University Hospital of Bordeaux

Status

Not yet enrolling

Conditions

Heart Failure With Preserved Ejection Fraction

Study type

Observational

Funder types

Other

Identifiers

NCT05828888
CHUBX 2022/51
2023-A00319-36 (Other Identifier)

Details and patient eligibility

About

This study aims at identifying processes that are deregulated in blood cells by Clonal Hematopoiesis of Indeterminate Potential (CHIP) which are involved in the development of heart failure with preserved ejection fraction (HEpEF).

Full description

Heart failure is responsible of 70,000 deaths every year in France. Heart failure can be divided into 2 categories depend on whether the ejection fraction is reduced (HFrEF) or preserved (HFpEF). Most of the treatments efficient in HFrEF are unable to prevent decompensating or reduce mortality associated with HFpEF. HFpEF pathophysiology remains poorly understood, which represents an obstacle to their management and to reduce cardiovascular events they are associated with.

Currently, it is admitted that cardiovascular risk factors (CVRF such as aging, female gender, diabetes mellitus, high blood pressure, hypercholesterolemia, obesity) are responsible of a low grade chronic inflammatory state that causes an endothelial dysfunction that contributes to the development of HFpEF.

However, not all patients with these CVRF develop HFpEF. Moreover, the mechanisms linking CVRF to inflammation or alteration of cardiomyocyte function by endothelial dysfunction remain unknown. This suggests that it exists a role for another factor that remains to be identified.

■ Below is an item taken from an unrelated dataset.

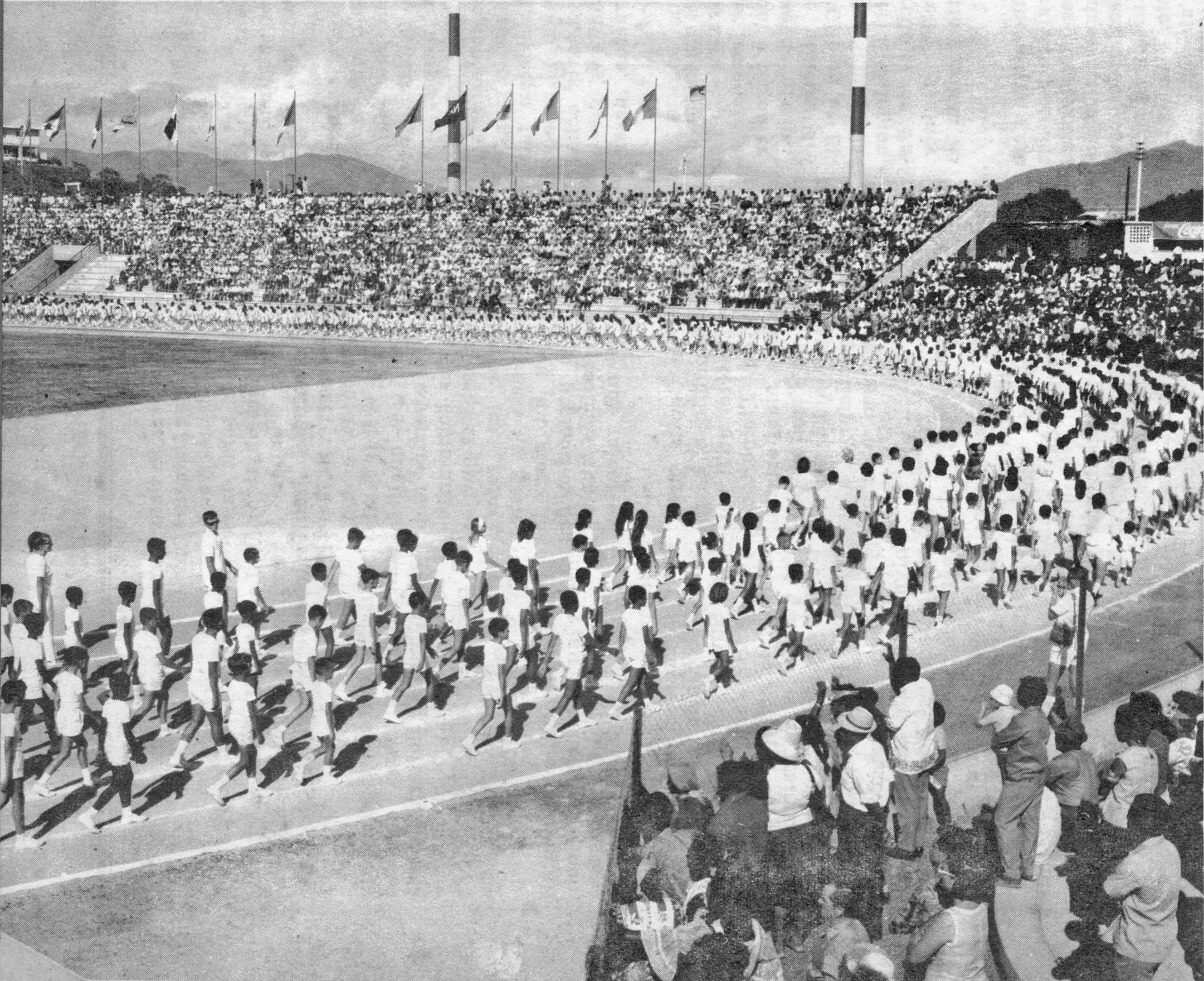 1 > 8 décembre 1966. Le stade est inauguré lors de la cérémonie d’ouverture des IIes Jeux du Pacifique où près de 1 500 élèves des écoles publiques et privées calédoniennes (en blanc sur la photo) ont défilé après les 14 délégations océaniennes.

Clonal Hematopoiesis of Indeterminate Potential (CHIP) result from the acquisition in hematopoietic stem cells of mutations associated with hematological malignancies, in the absence of any hematological disease. This situation initially described with a frequency of <5% before 60 years and >20% after 80 years old appears to be more frequent (>40% of people over 65 years). CHIP are mainly associated with the occurrence of cardiovascular events such as atherothrombosis and heart failure, possibly due to the induction of a chronic inflammation. Because CHIP are very frequent in the elderly and because CHIP are associated with inflammation and cardiovascular events, they could represent the missing link in the pathophysiology sequence that leads to the appearance of endothelial dysfunction and HFpEF development.

Enrollment

80 estimated patients

Sex

All

Ages

50 to 85 years old

Volunteers

No Healthy Volunteers

Inclusion criteria

  • HFpEF group and control group

    • male or female
    • 50 ≤ age ≤ 85 ans
    • Absence of evidence of hematological malignancy (known or obvious by the results of blood counts)
    • Subject registered with a social security scheme
    • Written informed consent obtained
  • HFpEF group

    • patients with a diagnosis of HFpEF according to the criteria defined by the European society of cardiology
  • Control group

    • patients with a neuro-cardiovascular pathology without any link to coronaropathy nor heart failure

Exclusion criteria

  • Hematological malignancy (known or obvious on the results of blood counts)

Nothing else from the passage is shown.